At the moment, it’s unclear how large a role startups will play in a shift toward healthier digital and social media consumption. It’s possible to pursue healthier habits on existing social media platforms. But by the same token, investors and entrepreneurs see benefits in upstart options built from the ground up with an eye toward a more wholesome user experience.
“It’s very hard after the fact to bolt on trust and safety” Garg said, noting that a persistent issue with Facebook and Twitter is that neither were founded with a particular moral premise. It’s not that they set out with malicious intent, he added, and more that founders just put something out there to see if it would catch on.
In the startup field, Garg pointed to a number of companies that are setting out with a mission to make online social interactions more fulfilling, often with a focus on hosted forums. Others are focused on online meetings, artificial intelligence-enabled professional matchmaking, and other areas.
We list a few below, combing some of Garg’s picks and other intriguing startups from the Crunchbase dataset:
- Clubhouse, one of Garg’s picks, is an audio-based social app that allows users to spontaneously join group chats. Although it’s still in private beta testing, the year-old, San Francisco company has already raised $10 million in venture funding.
- Lunchclub, another one of Garg’s picks, uses AI to match people for one-on-one video meetings and has raised $4.6 million in seed funding.

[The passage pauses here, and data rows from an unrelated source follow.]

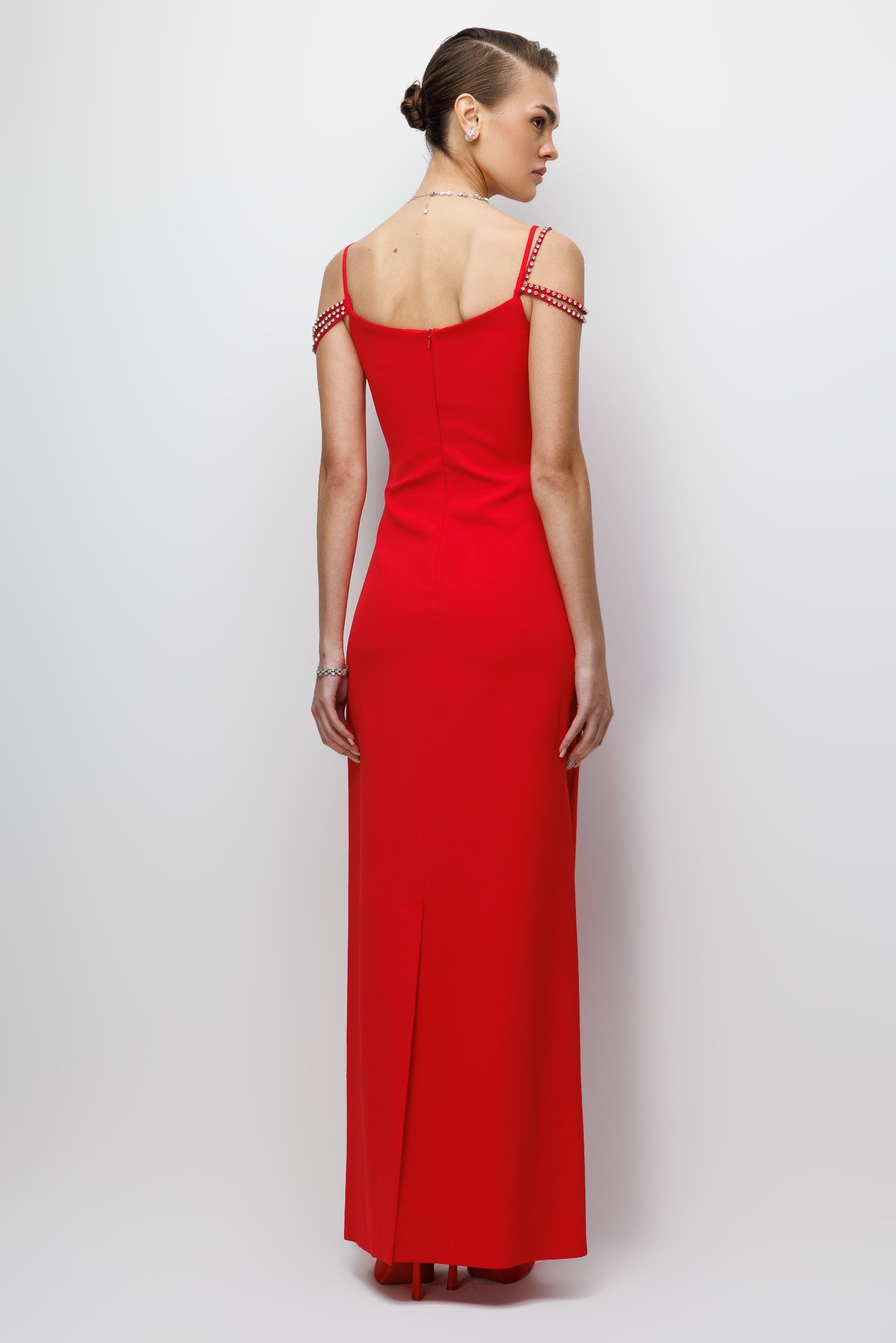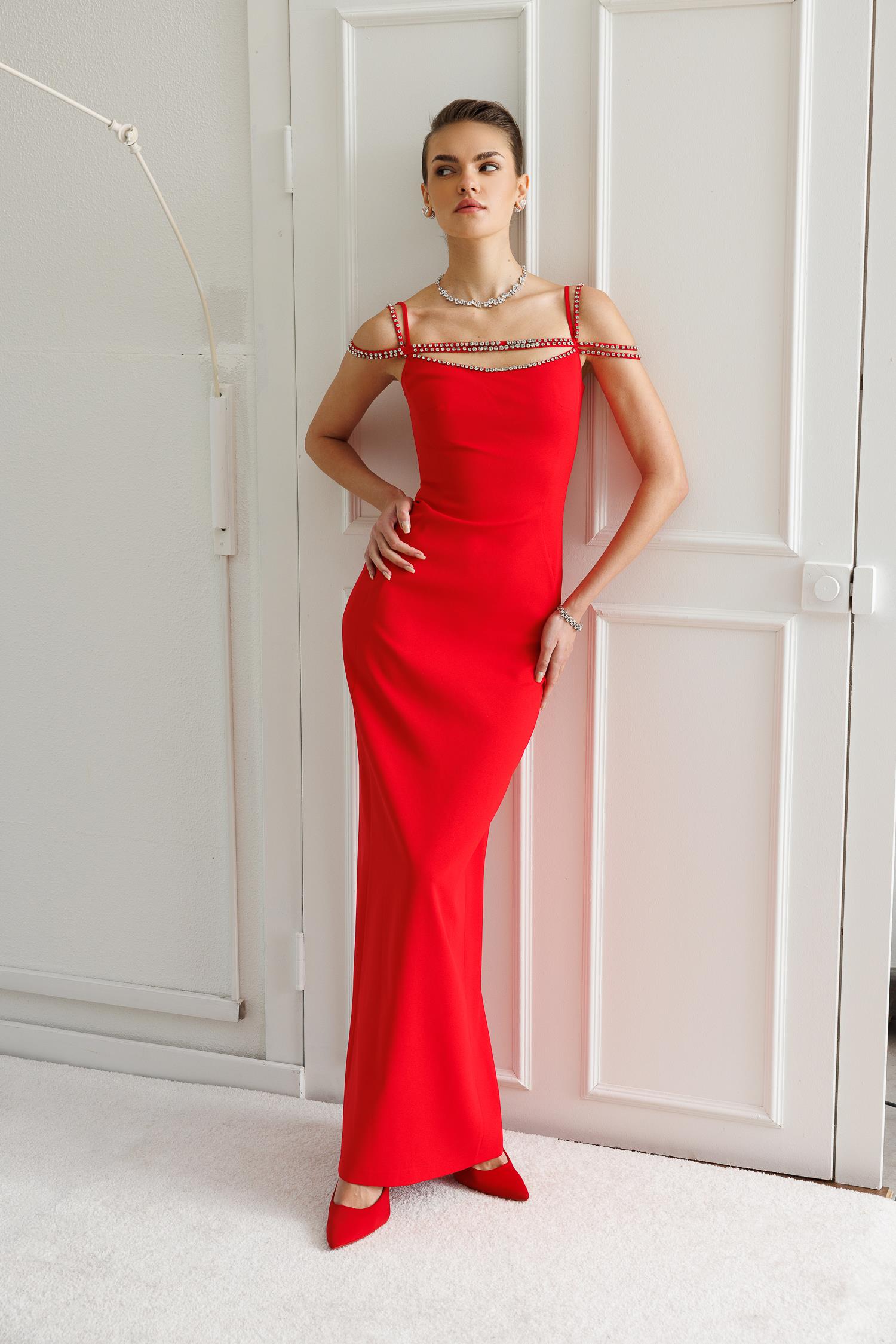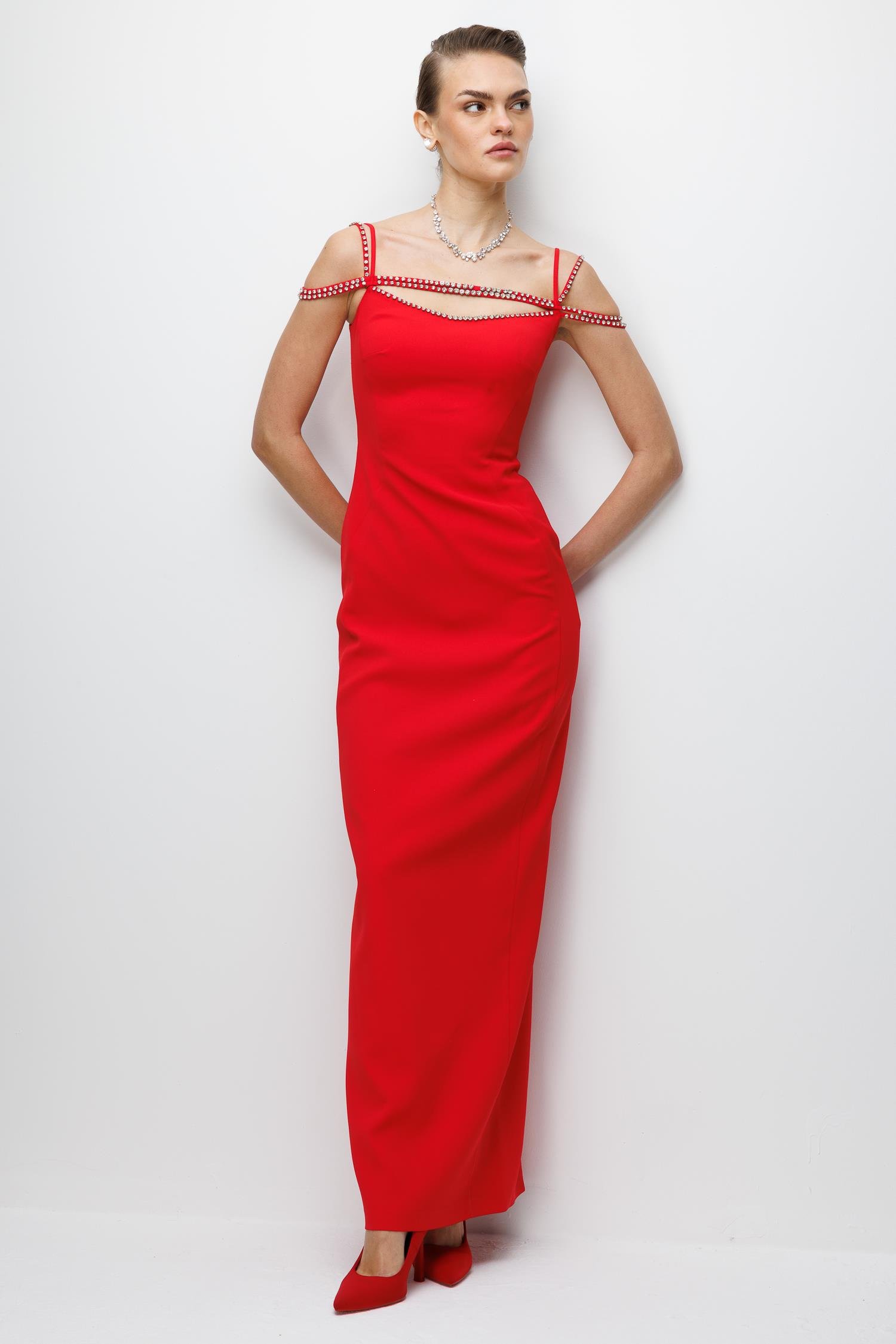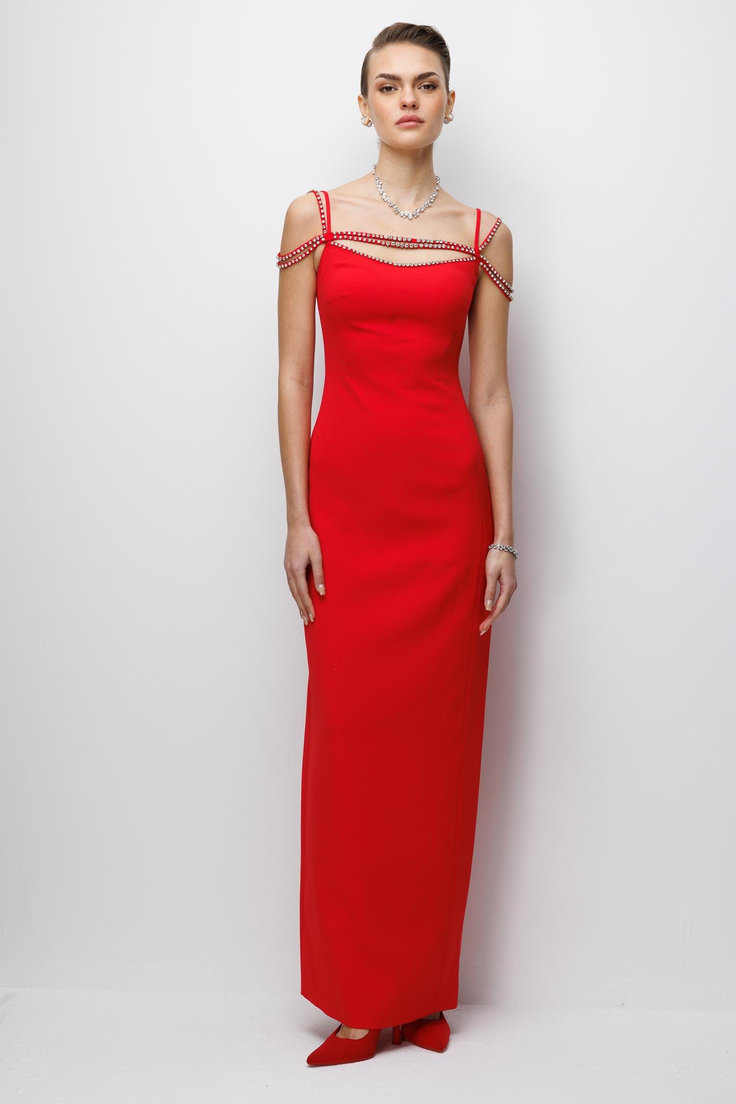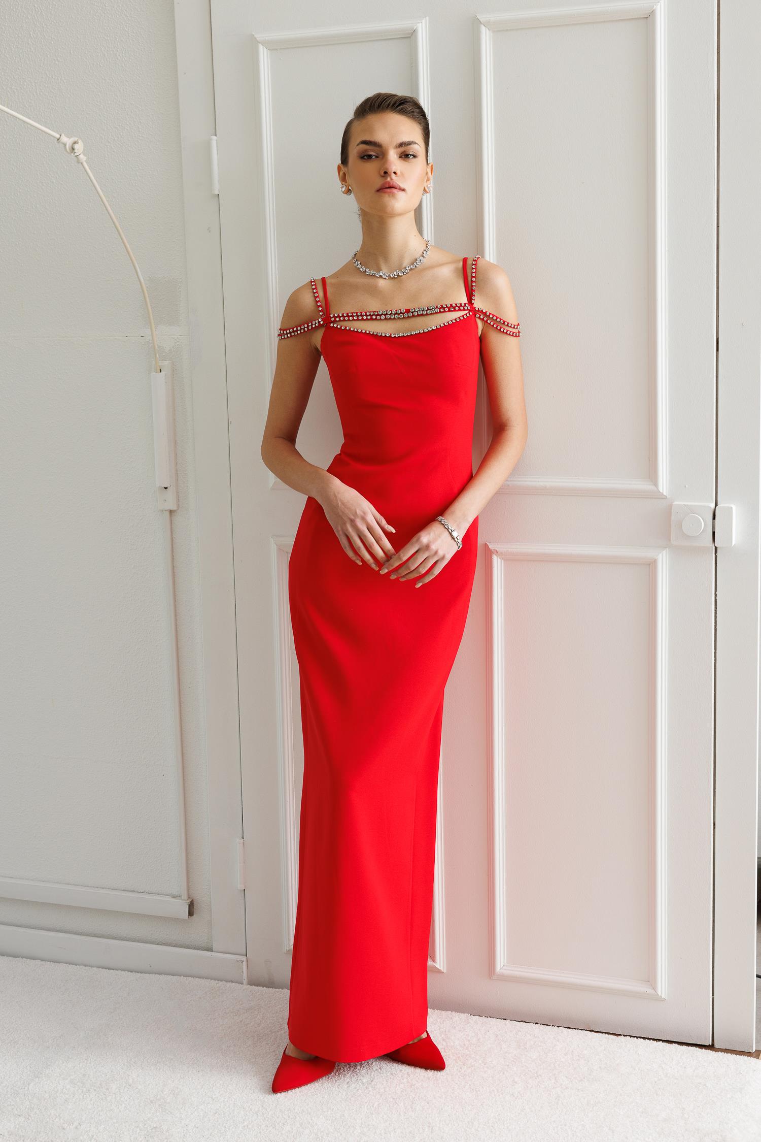 Ana Özellikler: Şerit Taş Detaylı, Maxi Boy, Abiye Kesim, Çarpıcı Kırmızı Ton.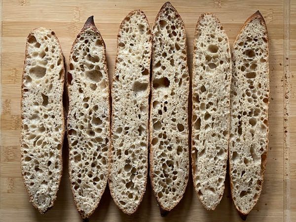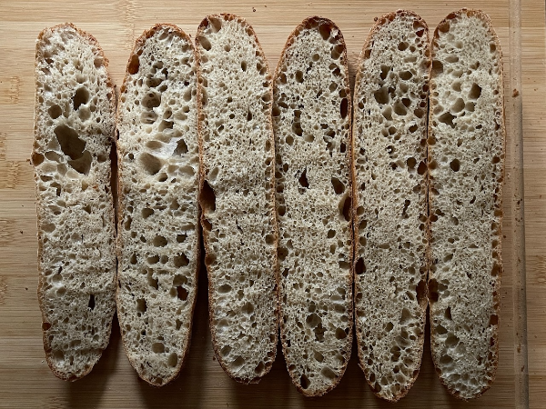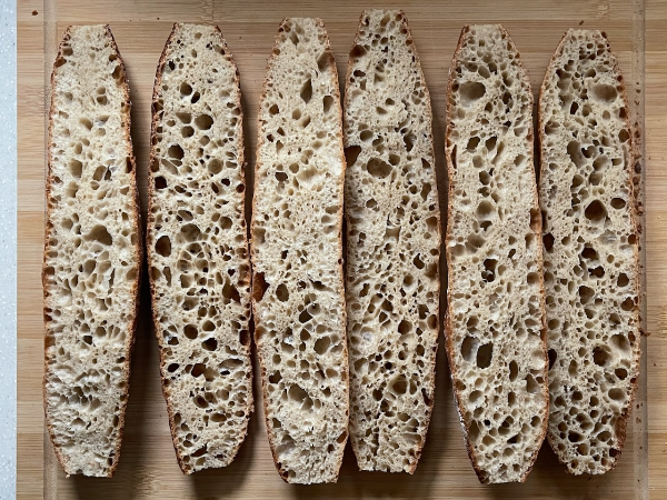 1차 발효 중에 이미 과발효가 된 게 원인인 것 같아서, 오토리즈 시간을 줄이고 나니 조금 나아졌다.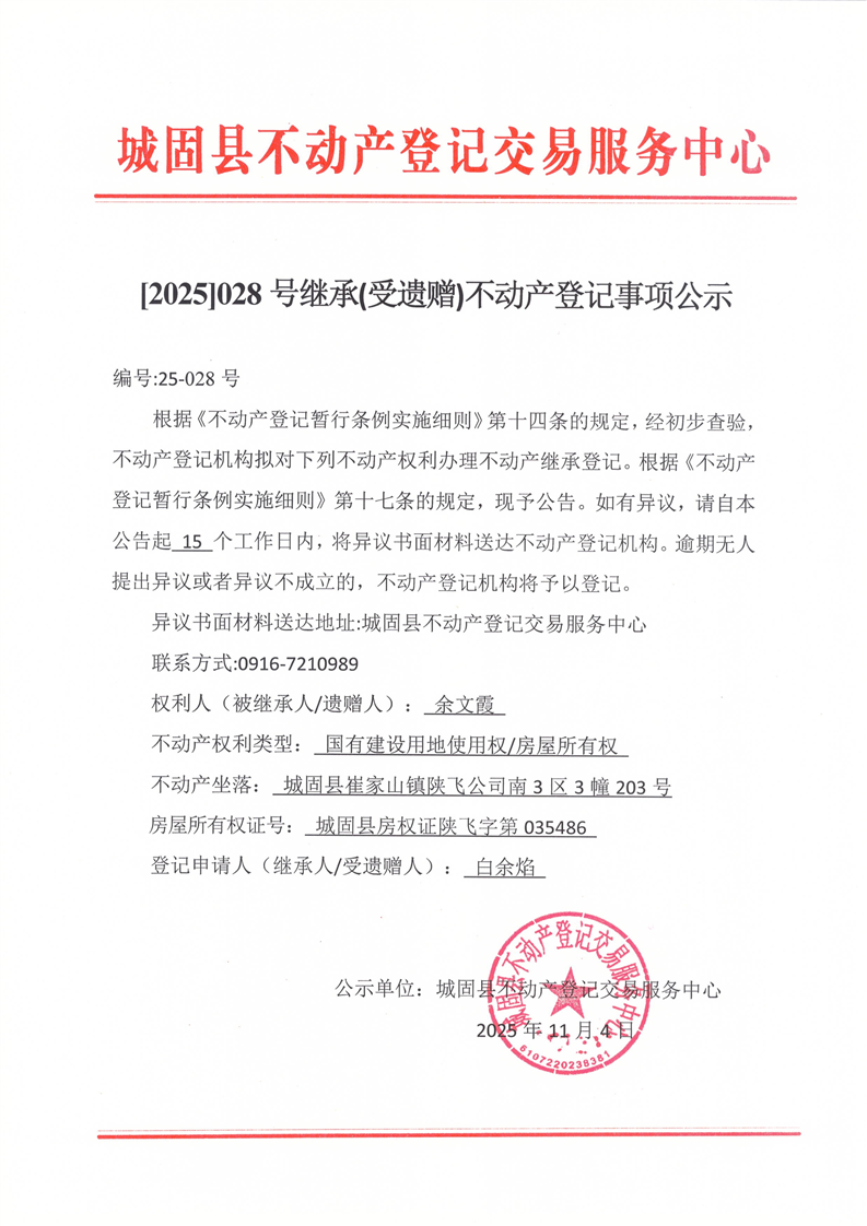 城固縣不動產登記交易服務中心繼承(受遺贈)不動產登記事項公示(028號)

- Hopin, the London-based live virtual events platform, reportedly hit a valuation of $2.2 billion in its last reported funding round in November.
- Run The World, a Silicon Valley-based digital event platform founded in 2019, has raised $14.8 million to date.
- Glimpse uses a speed-matching system to match users with a compatible peer for one-on-one video conversations. The San Francisco startup is backed by Y Combinator.
The pandemic accelerated changes. What lies ahead?
The habit-changing effects of the COVID-19 pandemic have been widespread in the digital realm. More of us, whether we like it or not, are using video chat and meeting apps, taking online classes, and trying to find fulfilling ways to fill our time in a world where face-to-face interaction is far more limited.
So we’re online more, and out and about less. One result, Garg observed, is that people are increasingly looking to their devices to provide a sense of human connection.
Vohra sees our current plight as raising demand for humanistic technology, which he defines as “technology that is designed to harmonize and add positivity and energy and uplift us, rather than consume us.”
How do business models work in a world of humanistic technology? Vohra said the imperative is that you don’t optimize for constant engagement.
“Instead of optimizing for the amount of time people spend on your product, you optimize for the amount of value,” he said.
Ideally, this could all lead to a world where screen time leaves us feeling refreshed, connected and informed. Of course, social platforms optimized for healthy use can only do so much on their own. We also have to use them.